Some of the many newly unemployed government accountants, analysts, and researchers will find other work easily. Others may struggle to land their next jobs. The chances are less than slim, though, that a majority of them will have nowhere to go but a hypothetical iPhone factory in Milwaukee. It seems like a misguided revenge fantasy against members of the regulating agencies Musk has long complained about throttling innovation, from the Securities and Exchange Commission (FEC) to the Federal Aviation Administration (FAA). Now, he can—at least in theory—condemn some of those agencies’ white-collar workers to lives of manual labor.

Relatively few Americans, though, actually want to work in a factory. According to the Financial Times, recent polling shows that 80% of Americans think the country would be better off with more manufacturing jobs, but only 25% of Americans think that they, personally, would be better off in such jobs. (Good news for everyone who makes up that 25%: The U.S. currently has more open manufacturing jobs than it can fill.)

Just for argument’s sake, though, assuming a significant number of laid-off government workers either did want manufacturing jobs or had no viable alternatives, there is no guarantee that the Great Reshoring will ever come to pass. As much as insiders like Commerce Secretary Howard Lutnick appear convinced Trump’s tariffs will bring manufacturing jobs back, others are skeptical of whether that’s even the goal. Senator Chris Murphy, for instance, recently told Fast Company that he thinks Trump is using tariffs “to force industries and companies to come bend the knee to him and cut deals with him that benefit him politically.”

Considering it might take years for companies to establish the necessary infrastructure for domestic manufacturing, and in an environment where economic policy often seems dictated on a whim, companies may seek alternate workarounds for the tariffs. Faced with the prospect of moving manufacturing to America, many companies will simply diversify manufacturing out of China. Apple, for instance, has been moving more and more iPhone production from China to India and Vietnam over the past year, and Walmart has been sourcing more from India as well. Smaller companies grappling with the current 145% tariffs on China will likely follow suit.

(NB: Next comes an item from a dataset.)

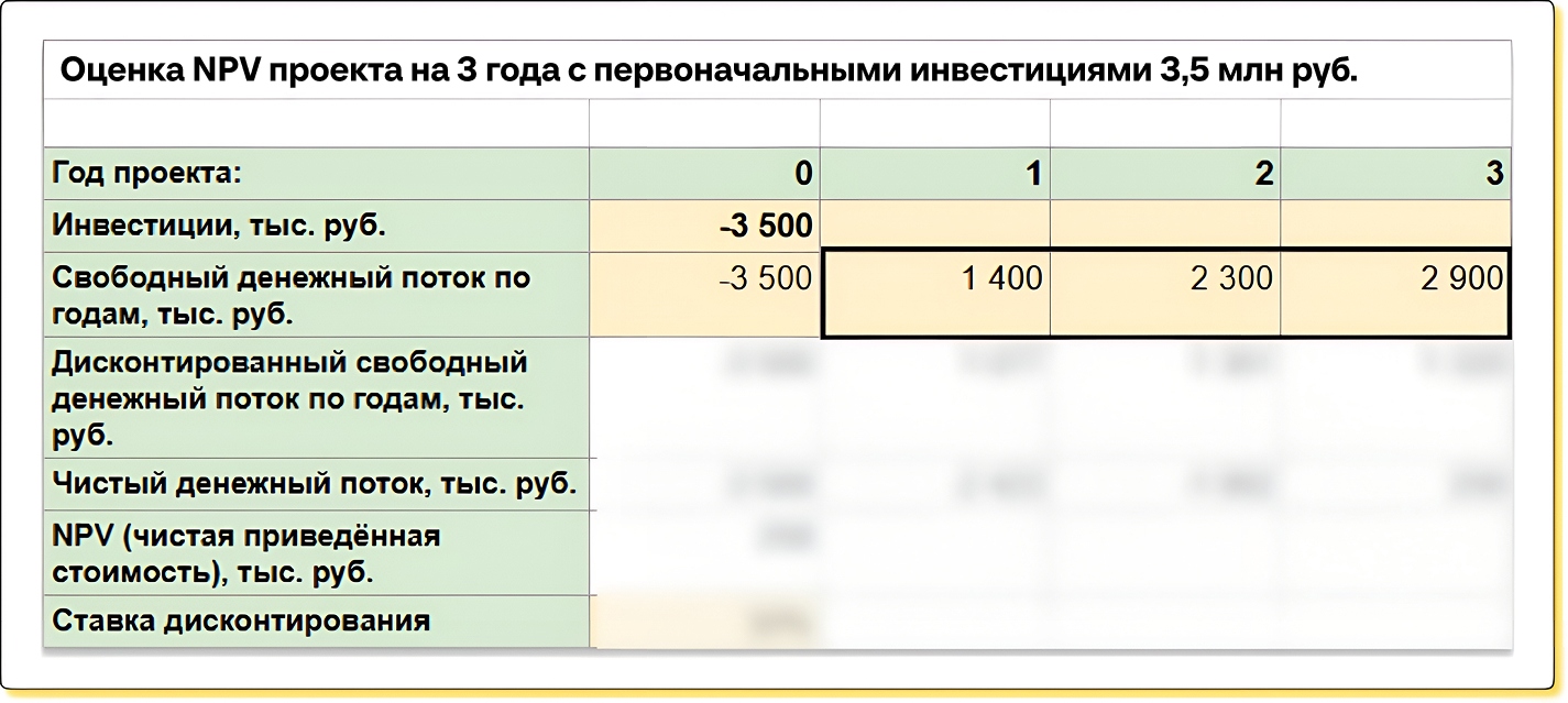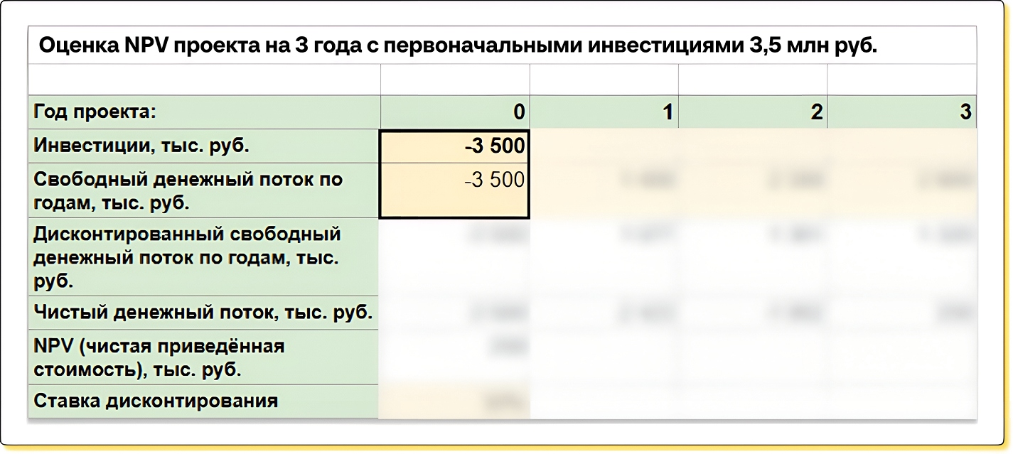 NPV легко подсчитать. При условии, что инвестор понимает примерные доходы проекта по годам — в этом случае для подсчета NPV достаточно вбить нужные данные в Гугл- или Эксель-таблицу и получить результат.

Playing devil’s advocate, though, let’s assume a sizable portion of U.S. companies do commit to reshoring and that thousands of former government workers show up at those HR offices, hat in hand. A lot of those “high-productivity jobs in manufacturing” that Musk is fond of mentioning are already earmarked for AI. Treasury Secretary Scott Bessent confirmed as much last week during an appearance on Tucker Carlson’s show.

Asked by the host whether the U.S. has the necessary labor force for a hypothetical transition back into manufacturing, Bessent said the following: “I think we do. I think with AI, with automation, with so many of these factories . . . they’re going to be smart factories. I think we’ve got all the labor force we need.”

Nothing makes Musk’s line about shifting government workers to high-productivity jobs seem more like a sneering troll than Bessent claiming U.S. factory jobs are the province of robots. Perhaps it’s time Musk shifted to a higher probability pipe dream.